Social Media is So 2008

At the beginning of a year, most of us reflect on the previous one in an attempt to divine some kind of image of the future. Sometimes, if the path is well defined, it results in a simple tweak. Sometimes it involves a wholesale scrubbing and drubbing that results in about 10 different scenarios for the future. It’s tough to pick the mostly likely, but I’d have to say that 2009 is going to be the year when social media becomes so …. over! This is coming from an active user. I’m one of those guys who walks down the street emailing on the phone, checking out some web newsletter, or reading some blog. And now I’m telling you it’s going to be gone? Well, not really. What I’m thinking is that social media, which is booming in B.C. – we’re one of the North American leaders in it – is simply becoming media, another information channel. As recently as 2007, social media was still the playground of the early adopters, the passionate who really believed they were leading a new culture. It was a movement. By the end of this year, everybody was into it. It was routine to have a list of blogs you used for information gathering; everybody was messaging more and emailing less; marketers were absorbed in using it as a low-cost channel. Heck, even extremely traditional media types were using Twitter.
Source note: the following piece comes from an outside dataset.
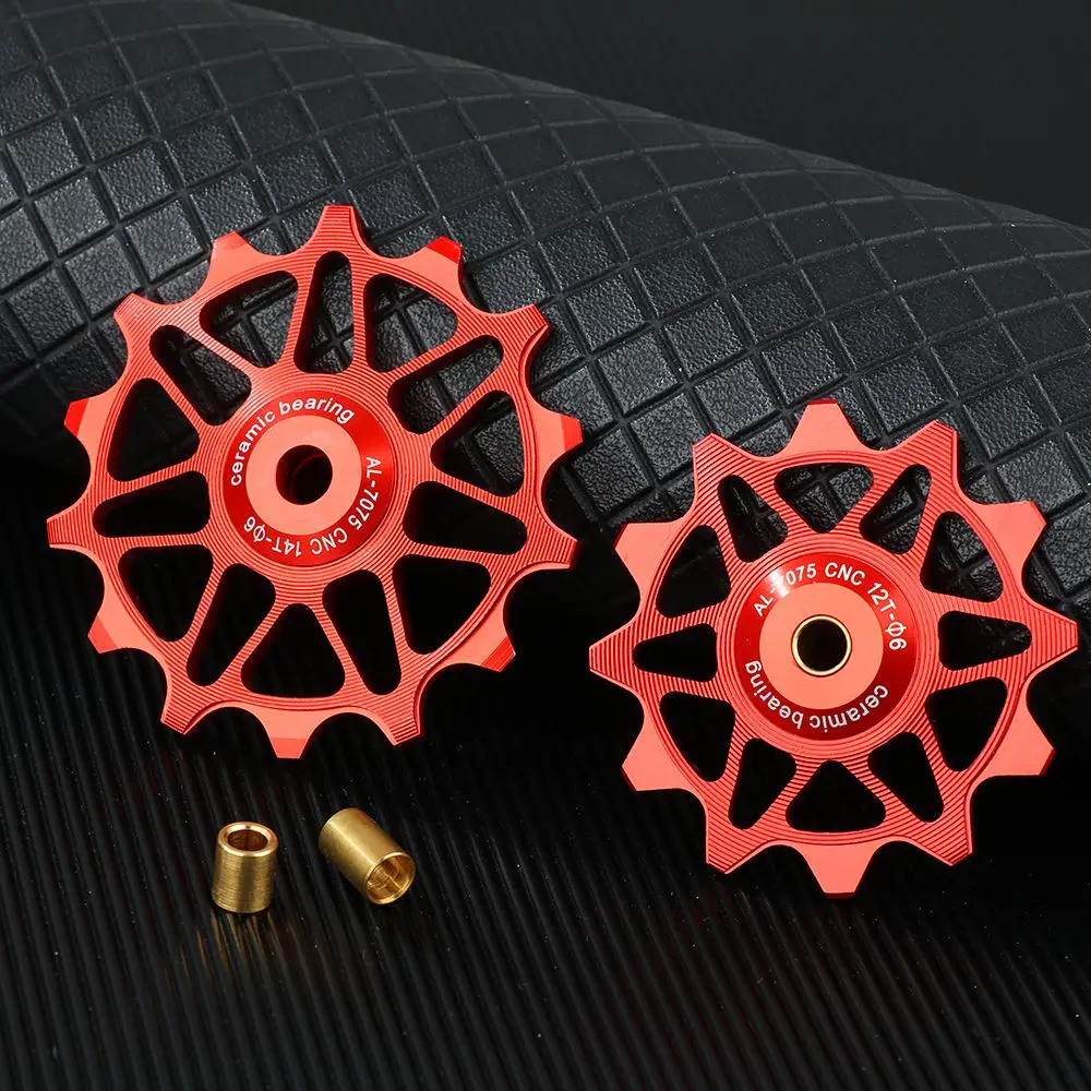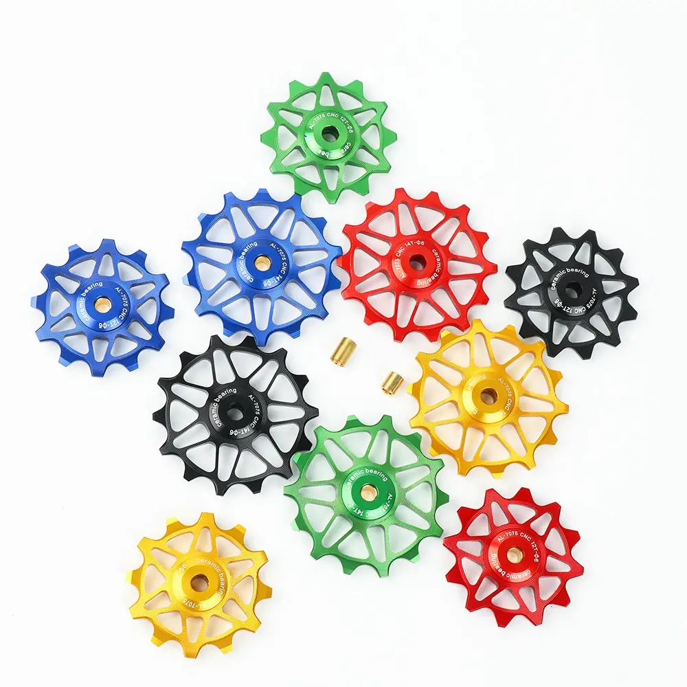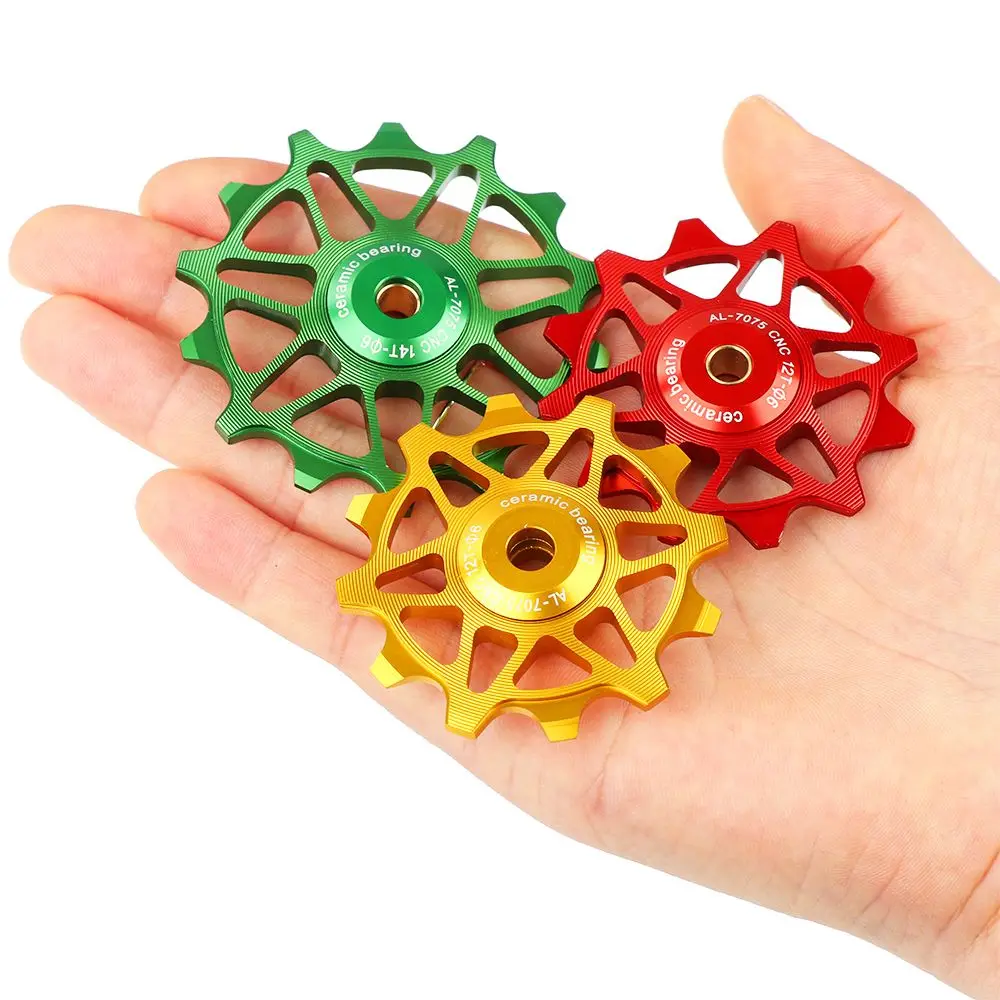Tipo: polea de cambio trasero Material: aleación de aluminio Color: Como muestran las imágenes Tamaño: Como muestran las imágenes Peso: aproximadamente 20g Características: 1. Nuevo y de alta calidad. 2. Accesorios duraderos para bicicleta. El paquete incluye: polea de cambio trasero de dientes anchos y estrechos * 1 piezas; Adaptador de cobre * 2 piezas (4mm,5mm) Notas: El producto puede tener un error de 1-2cm, y el color puede parecer un poco diferente al de la imagen, por favor comprenda.

The result is that there is ever more noise out there, a torrent of information that can be deafening. And, as many are discovering, that can also be damaging to your mental health. This explosion of media has separated people’s attention into tiny segments, and as a result their mental windows have been shattered into little shards. They’re almost incapable of focusing on anything any more. So I predict that, while “social media” adoption continues to grow in 2009 among the wide majority, a new movement will emerge that seeks to impose some discipline on all that media use. Instead of being “always on”, we’ll only be “on” a couple of times a day.